__TASK__. An exact copy of each line below is needed, with no images in it.

__INPUT DATA__.
************

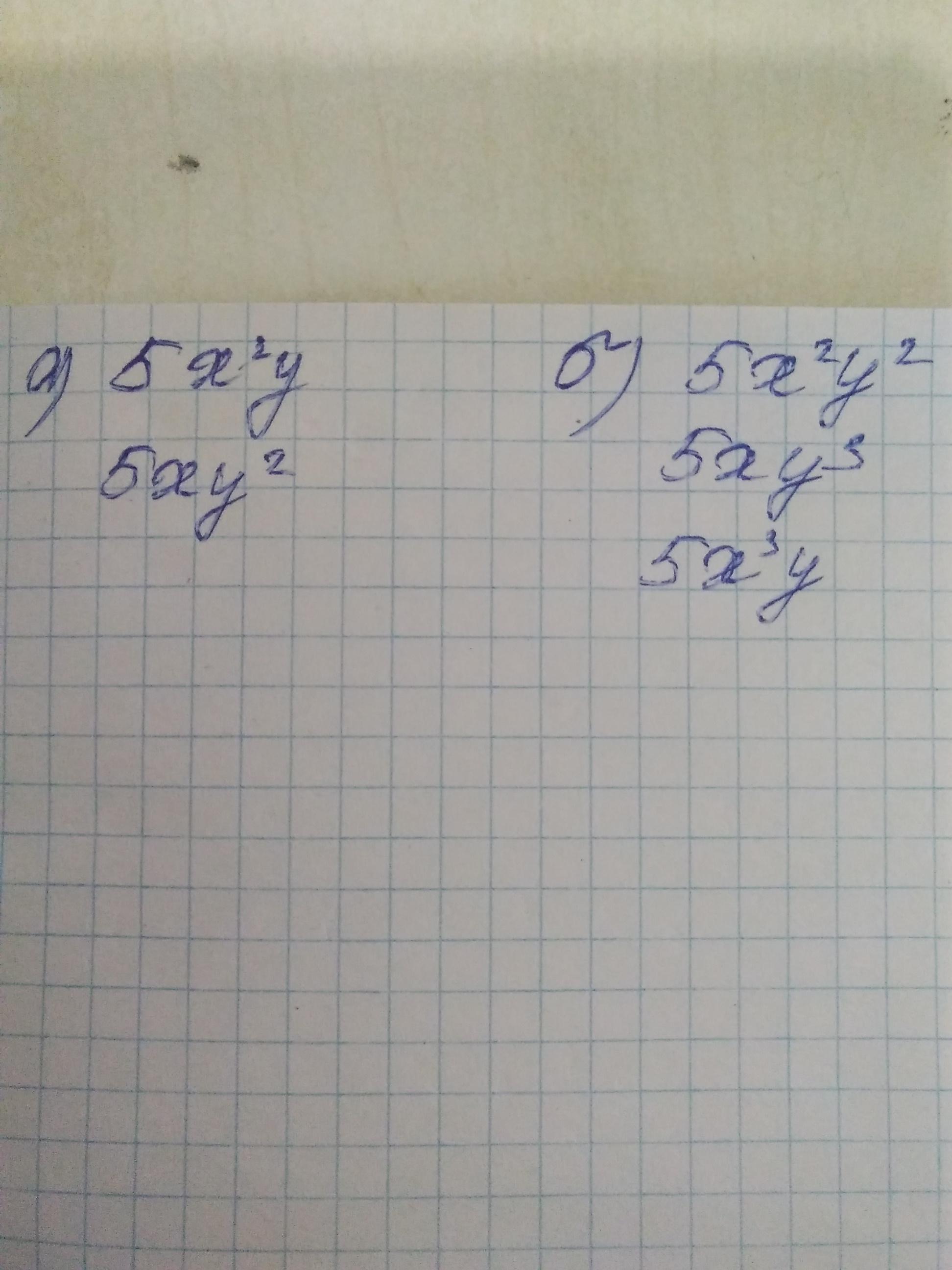 Складіть усі можливі одночлени стандартного вигляду з коефіцієнтом 5, що містять дві змінні х та у так, щоб степінь кожного одночлена дорівнював: 1) трьом; 2) чотирьом.
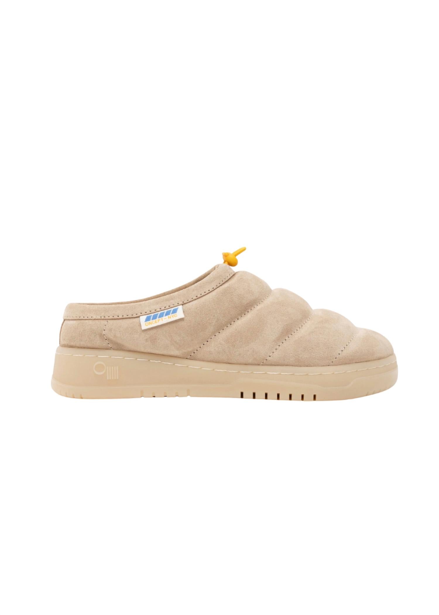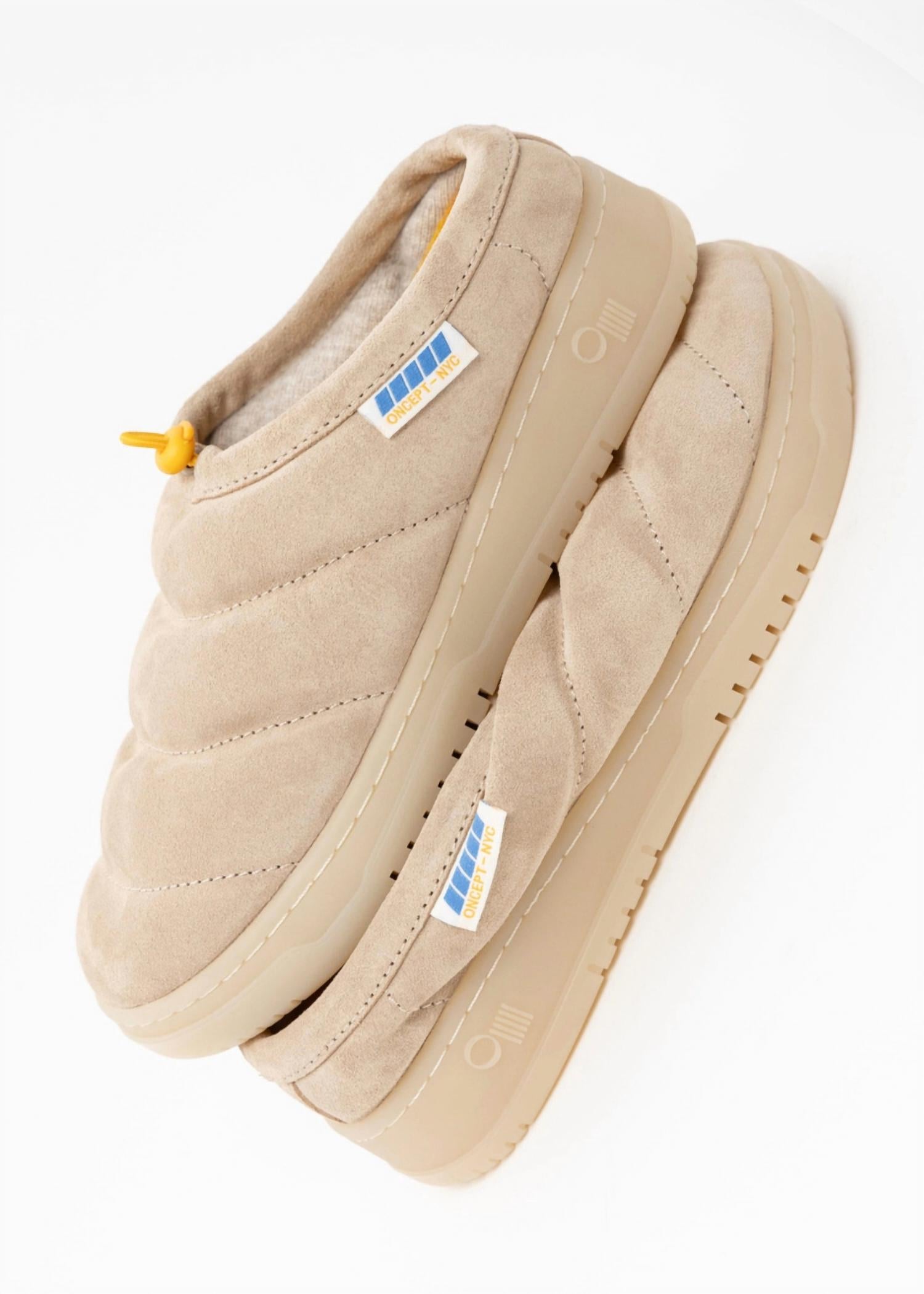Stylish, comfy, and versatile. We can't find anything wrong with these. Step into luxury comfort with the Women's Chicago Slide Mule by Oncept. This minimalist, fall-ready mule is crafted from soft recycled nylon or supple suede, with a plush organic cotton fill for incredible coziness. Designed for versatility, the round toe shape makes it perfect for lounging at home or stepping out in style. Available in a chic Sand Castle color, it's the must-have footwear for vacations and casual outings alike.
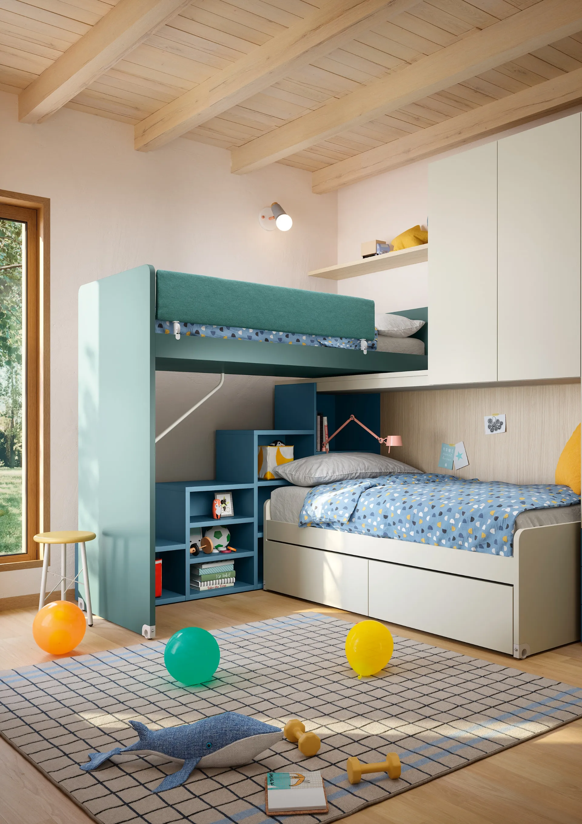 Visiting our store means seeing firsthand all the most exclusive loft bed solutions for girls in melamine that we offer in our showroom. The renowned brand presents multiple modern solutions, making the child's bedroom a space where children will be happy to grow and dream. This proposal with a melamine finish, among those for girls' loft beds from Nidi, meets both the needs of adults and the tastes of young people. With the Sliding Loft Bed Slide by Nidi, you will make your children's room a truly comfortable and safe place that will accompany them as they grow.

************

__RESPONSE AREA__.
 Складіть усі можливі одночлени стандартного вигляду з коефіцієнтом 5, що містять дві змінні х та у так, щоб степінь кожного одночлена дорівнював: 1) трьом; 2) чотирьом.
Stylish, comfy, and versatile. We can't find anything wrong with these. Step into luxury comfort with the Women's Chicago Slide Mule by Oncept. This minimalist, fall-ready mule is crafted from soft recycled nylon or supple suede, with a plush organic cotton fill for incredible coziness. Designed for versatility, the round toe shape makes it perfect for lounging at home or stepping out in style. Available in a chic Sand Castle color, it's the must-have footwear for vacations and casual outings alike.
 Visiting our store means seeing firsthand all the most exclusive loft bed solutions for girls in melamine that we offer in our showroom. The renowned brand presents multiple modern solutions, making the child's bedroom a space where children will be happy to grow and dream. This proposal with a melamine finish, among those for girls' loft beds from Nidi, meets both the needs of adults and the tastes of young people. With the Sliding Loft Bed Slide by Nidi, you will make your children's room a truly comfortable and safe place that will accompany them as they grow.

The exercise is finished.